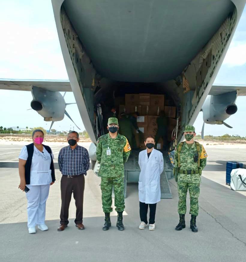 Torreón.- Un total de 18 mil 80 vacunas SINOVAC y las primeras 2 mil 360 dosis CANSINO arribaron este lunes a la base militar aérea en la Ciudad de Torreón.
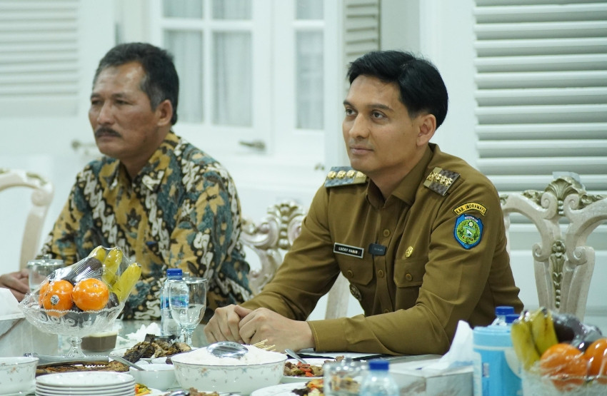 Bupati Indramayu Lucky Hakim bersama Wakil Bupati Syaefudin menghadiri acara pisah sambut Kepala Kantor Pertanahan Kabupaten Indramayu yang berlangsung di Pendopo Indramayu, Selasa malam (14/10/2025).
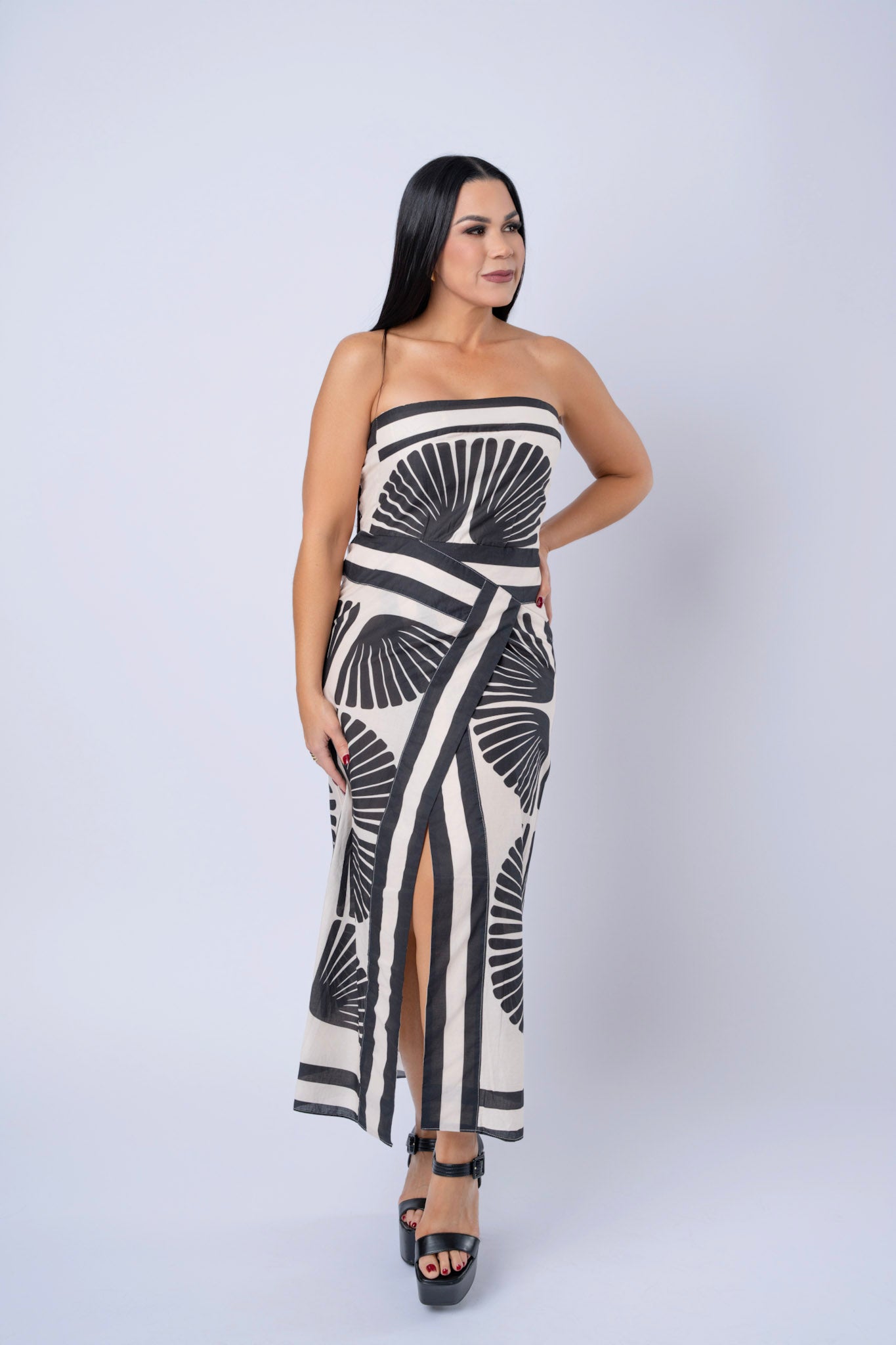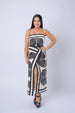 Printed Midi Sheath Dress With Elastic Back And Side Slit.

*Assignment*: Reprint the whole listing above exactly, taking out the pictures.

*Response below*:
 Torreón.- Un total de 18 mil 80 vacunas SINOVAC y las primeras 2 mil 360 dosis CANSINO arribaron este lunes a la base militar aérea en la Ciudad de Torreón.
 Bupati Indramayu Lucky Hakim bersama Wakil Bupati Syaefudin menghadiri acara pisah sambut Kepala Kantor Pertanahan Kabupaten Indramayu yang berlangsung di Pendopo Indramayu, Selasa malam (14/10/2025).
 Printed Midi Sheath Dress With Elastic Back And Side Slit.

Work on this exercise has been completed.